* [Work item]:
Copy each line below word for word and drop every image.

Records from a collection:
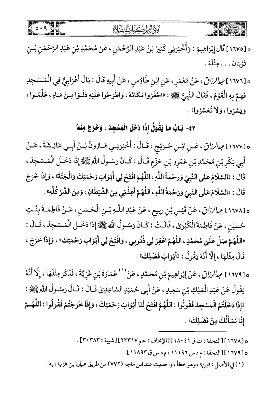 1677- عبد الرزاق، عَنِ ابْنِ جُرَيْجٍ، قَالَ: أَخْبَرَنِي هَارُونُ بن أَبِي عَائِشَةَ، عَنْ أَبِي بَكْرِ بْنِ مُحَمَّدِ بْنِ عَمْرِو بنِ حَزْمٍ قَالَ: كَانَ رَسُولُ اللهِ صَلَّى اللهُ عَلَيْهِ وَسَلَّمَ إِذَا دَخَلَ المَسْجِدَ قَالَ: السَّلاَمُ عَلَى النَّبِيِّ وَرَحْمَةُ اللهِ، اللهُمَ افْتَحْ لِي أَبْوَابَ رَحْمَتِكَ وَالْجَنَّةَ، وَإِذَا خَرَجَ قَالَ: السَّلاَمُ عَلَى النَّبِيِّ وَرَحْمَةُ اللهِ، اللَّهُمَّ أَعِذْنِي مِنَ الشَّيْطَانِ، وَمِنَ الشَّرِّ كُلِّهِ.
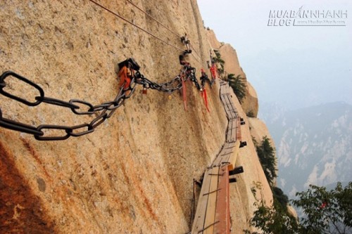 Đường đi cực nhỏ, hẹp với dây xích để bám. Bên cạnh là dốc thẳng đứng của núi Hoa Sơn, Trung Quốc. Đi trên cây cầu này cân sự bình tĩnh và lòng can đảm ghê gớm
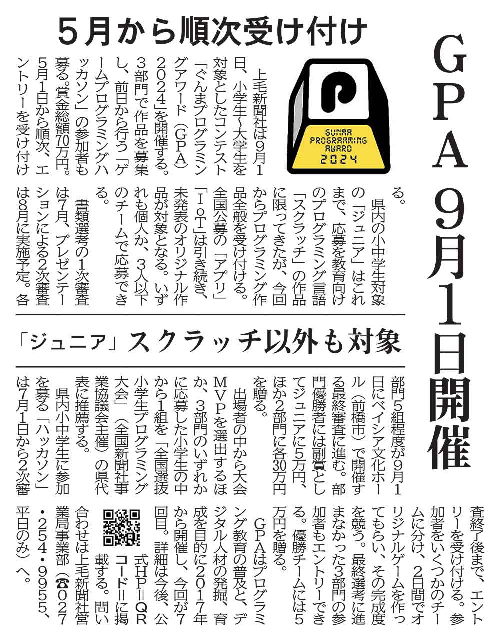 GPAはプログラミング教育の普及と、デジタル人材の発掘、育成を目的に2017年から開催し、今回が7回目。詳細は今後、公式HP=QRコード=に掲載する。問い合わせは上毛新聞社営業局事業部(☎027・254・9955、平日のみ)へ。
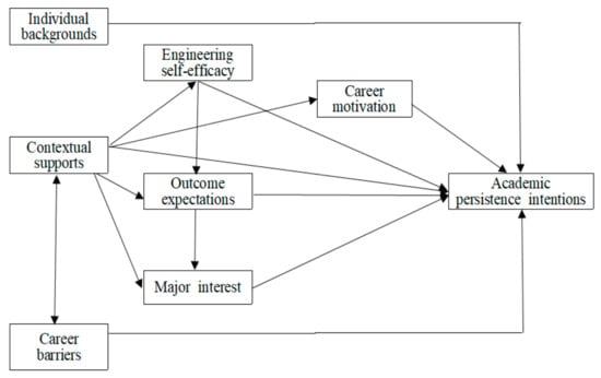 Concerning the factors affecting academic persistence intentions, Gayles and Ampaw [6] found that educational experiences, including faculty interactions and peer social involvement, influenced academic persistence in STEM. Gray and Hackling [33] reported that satisfaction with the learning environment and academic experiences can affect persistence intentions, mediated by self-efficacy. Additionally, career factors such as motivation, exploration, and self-efficacy are closely linked to academic persistence intentions [34,35]. As predictive variables influencing the academic persistence of engineering students, reported factors are based on the social cognitive career theory [18,25,26]: Academic persistence intentions are found to be influenced by environmental factors, including contextual supports and career barriers, with major self-efficacy, encompassing individual interest and outcome expectations, identified as a crucial factor affecting career development and academic persistence [25,26,36,37].
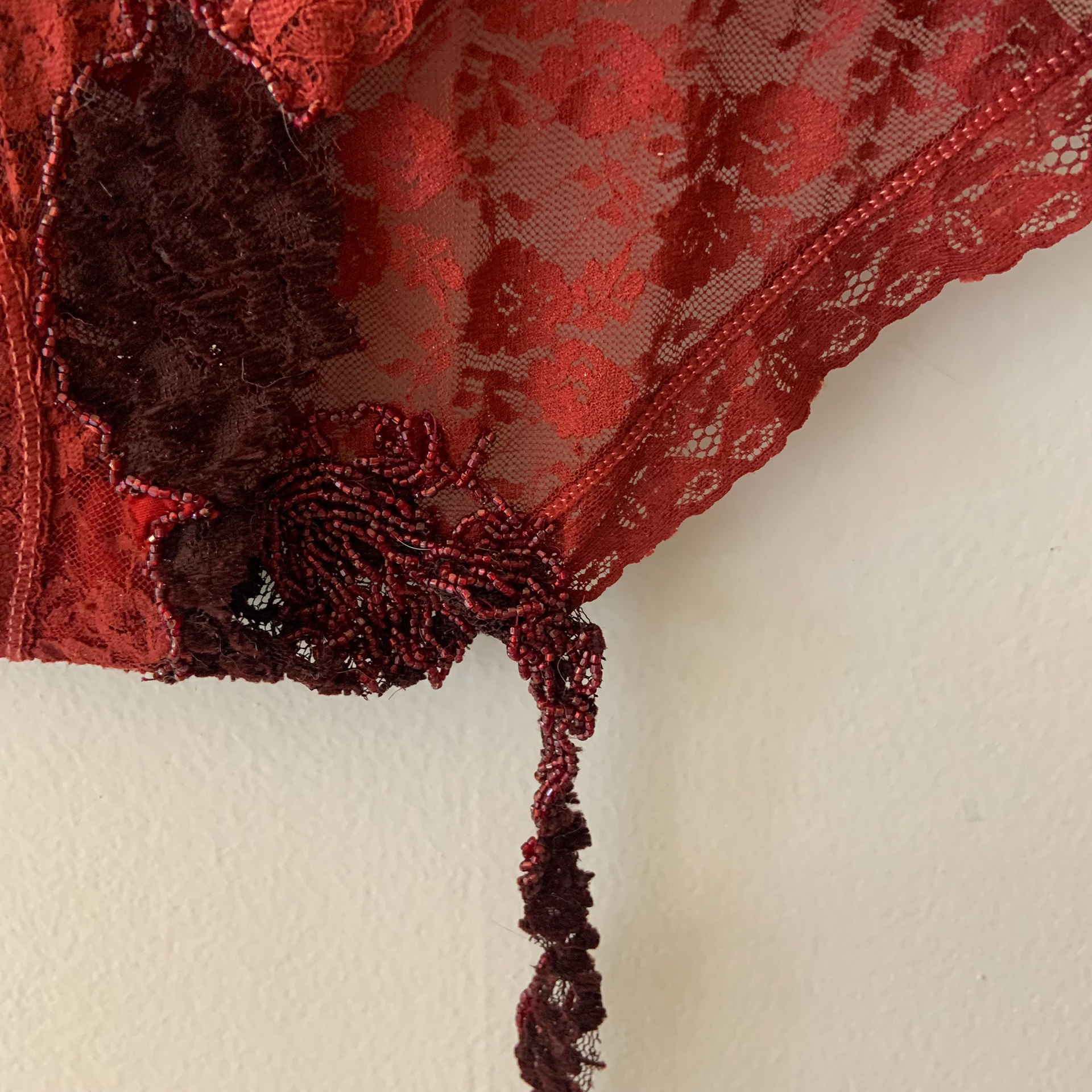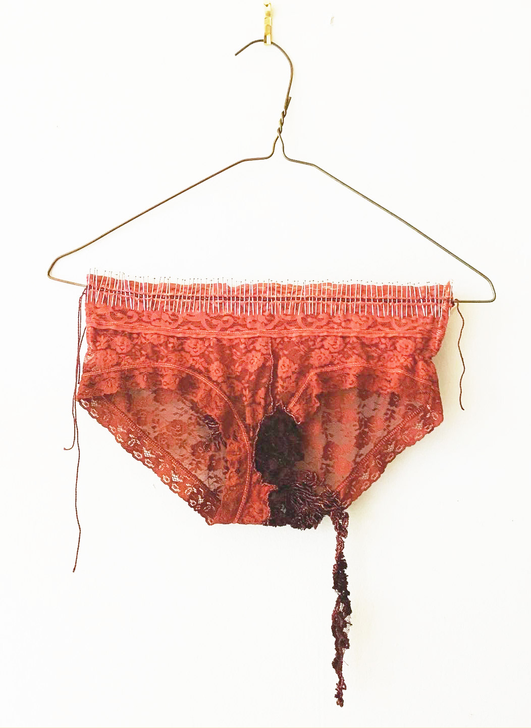 My underwear is not up for Discussion 2022, (18"x18")Underwear, hanger, beads, lace, dissection pints
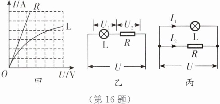 16. (2023·凉山州中考)如图所示,图甲是灯泡 L 和定值电阻 R 的 I-U 图像,将 L 和 R 先后以图乙、丙两种方式连在同一电源上,若图乙中 U1:U2= a,图丙中 I1:I2= b,则下列选项中错误的是(
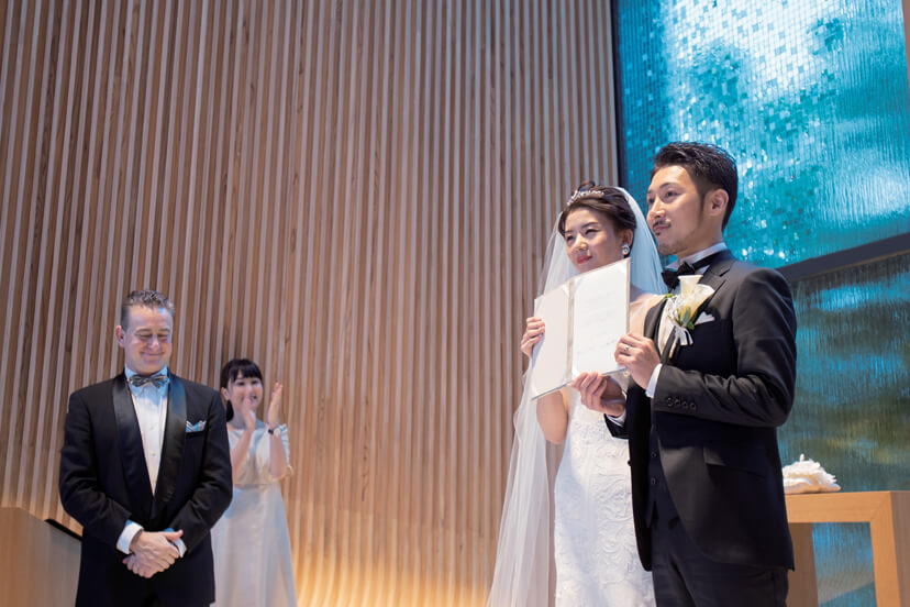 大切なゲストに見守られ晴れて夫婦となったふたり
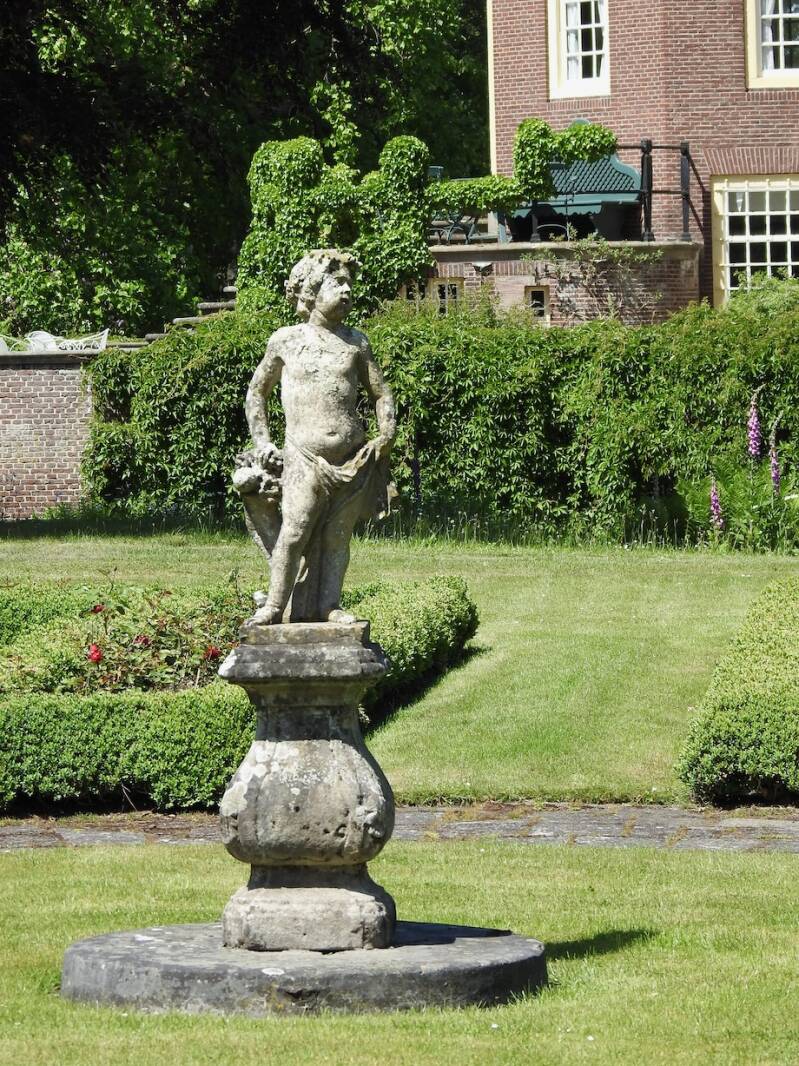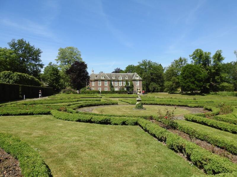 We hebben een schitterende wandeling gemaakt door de tuinen. De tuinen bieden een verrassing om iedere hoek om het maar eens lyrisch te omschrijven, met de Baakse beek ( die ook over landgoed hackfort stroomt)en vijvers, heemplanten en varens, een slingerende beukenhaaggang van 100 meter, bruggen, fonteinen en beelden. Rondom het landhuis, laten de rozentuin, de moestuin en de verdiepte ‘lage tuin’ met zijn borders en pergola een steeds wisselende combinatie van bloei en blad zien. De pergola was begroeid met oa clematis, rozen, kamperfoeli en passiebloem die nog niet in bloei was. Maar in de borders rondom de verlaagde tuin met fontein was zoveel moois te zien dat dat zeker geen gemis was. Ook niet dat de meeste rododendrons al een beetje over hun volle bloei heen waren. Al met al een must om die tuinen eens te bezoeken.
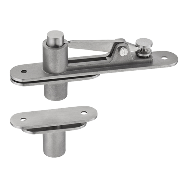 Zawias wpuszczany składający się z części górnej oraz z części dolnej. Część górna posiada ramię obrotowe, a część dolna łożysko kulkowe. Średnica sworznia górnej części zawiasu wynosi 15 mm. Zawias jest wykonany ze stali nierdzewnej i występuje w wykończeniu matowym.
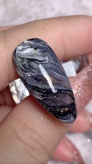 Абстрактный дизайн, напоминающий космическое пространство или загадочные узоры натурального камня. 🪐✨ Глубина, мерцающие частицы и плавные разводы создают уникальный эффект – будто маникюр вобрал в себя целую галактику.
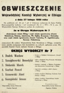 | 1980, Obwieszczenie Wojewódzkiej Komisji Wyborczej w Elblągu 1980 r. - okręg wyborczy nr 7 - afisz | Oct 25, 2013 |
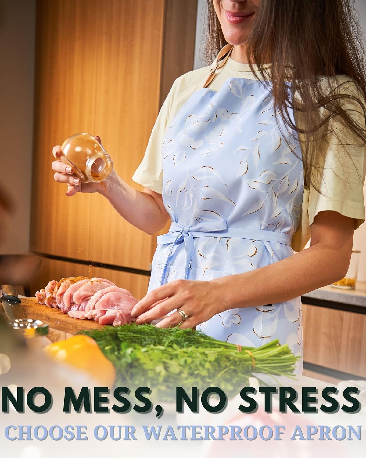 - ✔️FLORAL DESIGN: A stylish Blue Floral Stain Resistant Apron for women with pockets.
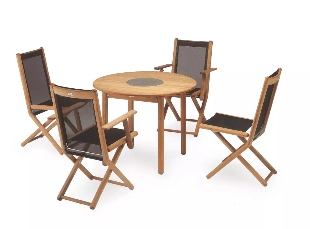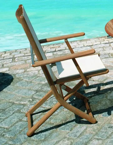 Verstellsessel Tennis von Fischer Möbel aus Teakholz mit Edelstahlbeschlägen und Batyline® Gewebe.
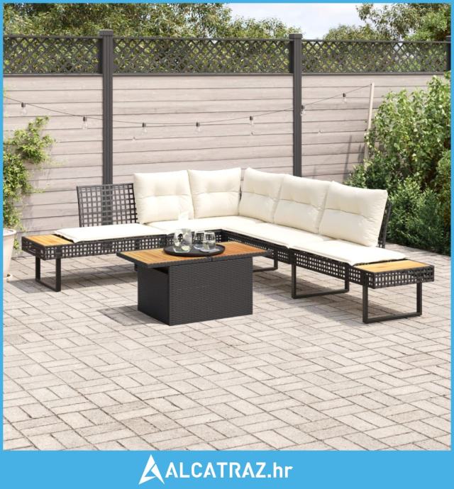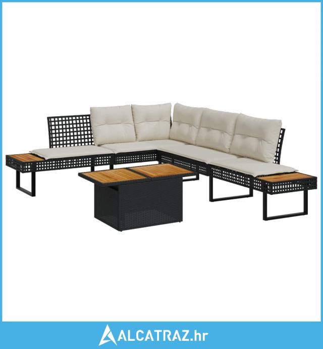 2-dijelna vrtna garnitura s jastucima crna od poliratana i drva - NOVO
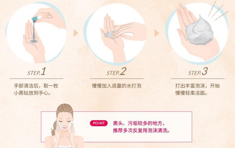 使用洁面粉时,无论如何一定要先让洁面粉在手心与水混合充分起泡后再洗脸,这样能够避免界面活性剂直接接触肌肤,造成皮肤不适的可能。产品成分中最常见的酵素是一种酶,主要作用新陈代谢作用;玉米淀粉 有促进细胞分裂、延缓衰老;褐藻提取物具有养颜润肤、抗菌消炎和祛斑等功效。所以用手心和水混合后,让该溶解的成分先溶解,才是最有效的用法。
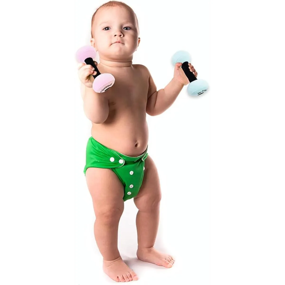 Diseño cuidadoso: las mancuernas son fáciles de agarrar y sostener, adaptadas para las manos pequeñas del bebé. Tamaño perfecto para que tus bebés o niños pequeños lo lleven en interiores mientras estás en casa o fuera. Lavable a máquina.
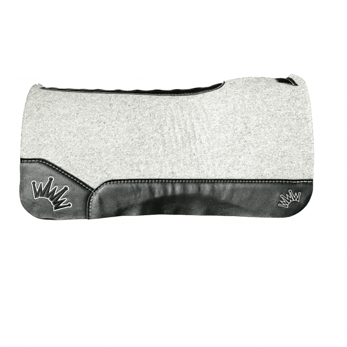 Gray Kush Saddle Pad with Black Leather – Crown in White/Black Embroidery
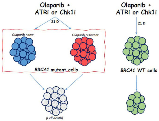 Treatment of BRCA1 mutant cells, regardless of olaparib-resistant status, results in cell population death with Olaparib + ATRi or Olaparib + Chk1i. BRCA1 wild-type cell population is decreased only slightly with the same treatment.

* [Your solution]:
 1677- عبد الرزاق، عَنِ ابْنِ جُرَيْجٍ، قَالَ: أَخْبَرَنِي هَارُونُ بن أَبِي عَائِشَةَ، عَنْ أَبِي بَكْرِ بْنِ مُحَمَّدِ بْنِ عَمْرِو بنِ حَزْمٍ قَالَ: كَانَ رَسُولُ اللهِ صَلَّى اللهُ عَلَيْهِ وَسَلَّمَ إِذَا دَخَلَ المَسْجِدَ قَالَ: السَّلاَمُ عَلَى النَّبِيِّ وَرَحْمَةُ اللهِ، اللهُمَ افْتَحْ لِي أَبْوَابَ رَحْمَتِكَ وَالْجَنَّةَ، وَإِذَا خَرَجَ قَالَ: السَّلاَمُ عَلَى النَّبِيِّ وَرَحْمَةُ اللهِ، اللَّهُمَّ أَعِذْنِي مِنَ الشَّيْطَانِ، وَمِنَ الشَّرِّ كُلِّهِ.
 Đường đi cực nhỏ, hẹp với dây xích để bám. Bên cạnh là dốc thẳng đứng của núi Hoa Sơn, Trung Quốc. Đi trên cây cầu này cân sự bình tĩnh và lòng can đảm ghê gớm
 GPAはプログラミング教育の普及と、デジタル人材の発掘、育成を目的に2017年から開催し、今回が7回目。詳細は今後、公式HP=QRコード=に掲載する。問い合わせは上毛新聞社営業局事業部(☎027・254・9955、平日のみ)へ。
 Concerning the factors affecting academic persistence intentions, Gayles and Ampaw [6] found that educational experiences, including faculty interactions and peer social involvement, influenced academic persistence in STEM. Gray and Hackling [33] reported that satisfaction with the learning environment and academic experiences can affect persistence intentions, mediated by self-efficacy. Additionally, career factors such as motivation, exploration, and self-efficacy are closely linked to academic persistence intentions [34,35]. As predictive variables influencing the academic persistence of engineering students, reported factors are based on the social cognitive career theory [18,25,26]: Academic persistence intentions are found to be influenced by environmental factors, including contextual supports and career barriers, with major self-efficacy, encompassing individual interest and outcome expectations, identified as a crucial factor affecting career development and academic persistence [25,26,36,37].
 My underwear is not up for Discussion 2022, (18"x18")Underwear, hanger, beads, lace, dissection pints
 16. (2023·凉山州中考)如图所示,图甲是灯泡 L 和定值电阻 R 的 I-U 图像,将 L 和 R 先后以图乙、丙两种方式连在同一电源上,若图乙中 U1:U2= a,图丙中 I1:I2= b,则下列选项中错误的是(
 大切なゲストに見守られ晴れて夫婦となったふたり
 We hebben een schitterende wandeling gemaakt door de tuinen. De tuinen bieden een verrassing om iedere hoek om het maar eens lyrisch te omschrijven, met de Baakse beek ( die ook over landgoed hackfort stroomt)en vijvers, heemplanten en varens, een slingerende beukenhaaggang van 100 meter, bruggen, fonteinen en beelden. Rondom het landhuis, laten de rozentuin, de moestuin en de verdiepte ‘lage tuin’ met zijn borders en pergola een steeds wisselende combinatie van bloei en blad zien. De pergola was begroeid met oa clematis, rozen, kamperfoeli en passiebloem die nog niet in bloei was. Maar in de borders rondom de verlaagde tuin met fontein was zoveel moois te zien dat dat zeker geen gemis was. Ook niet dat de meeste rododendrons al een beetje over hun volle bloei heen waren. Al met al een must om die tuinen eens te bezoeken.
 Zawias wpuszczany składający się z części górnej oraz z części dolnej. Część górna posiada ramię obrotowe, a część dolna łożysko kulkowe. Średnica sworznia górnej części zawiasu wynosi 15 mm. Zawias jest wykonany ze stali nierdzewnej i występuje w wykończeniu matowym.
 Абстрактный дизайн, напоминающий космическое пространство или загадочные узоры натурального камня. 🪐✨ Глубина, мерцающие частицы и плавные разводы создают уникальный эффект – будто маникюр вобрал в себя целую галактику.
 | 1980, Obwieszczenie Wojewódzkiej Komisji Wyborczej w Elblągu 1980 r. - okręg wyborczy nr 7 - afisz | Oct 25, 2013 |
 - ✔️FLORAL DESIGN: A stylish Blue Floral Stain Resistant Apron for women with pockets.
 Verstellsessel Tennis von Fischer Möbel aus Teakholz mit Edelstahlbeschlägen und Batyline® Gewebe.
 2-dijelna vrtna garnitura s jastucima crna od poliratana i drva - NOVO
 使用洁面粉时,无论如何一定要先让洁面粉在手心与水混合充分起泡后再洗脸,这样能够避免界面活性剂直接接触肌肤,造成皮肤不适的可能。产品成分中最常见的酵素是一种酶,主要作用新陈代谢作用;玉米淀粉 有促进细胞分裂、延缓衰老;褐藻提取物具有养颜润肤、抗菌消炎和祛斑等功效。所以用手心和水混合后,让该溶解的成分先溶解,才是最有效的用法。
 Diseño cuidadoso: las mancuernas son fáciles de agarrar y sostener, adaptadas para las manos pequeñas del bebé. Tamaño perfecto para que tus bebés o niños pequeños lo lleven en interiores mientras estás en casa o fuera. Lavable a máquina.
 Gray Kush Saddle Pad with Black Leather – Crown in White/Black Embroidery
 Treatment of BRCA1 mutant cells, regardless of olaparib-resistant status, results in cell population death with Olaparib + ATRi or Olaparib + Chk1i. BRCA1 wild-type cell population is decreased only slightly with the same treatment.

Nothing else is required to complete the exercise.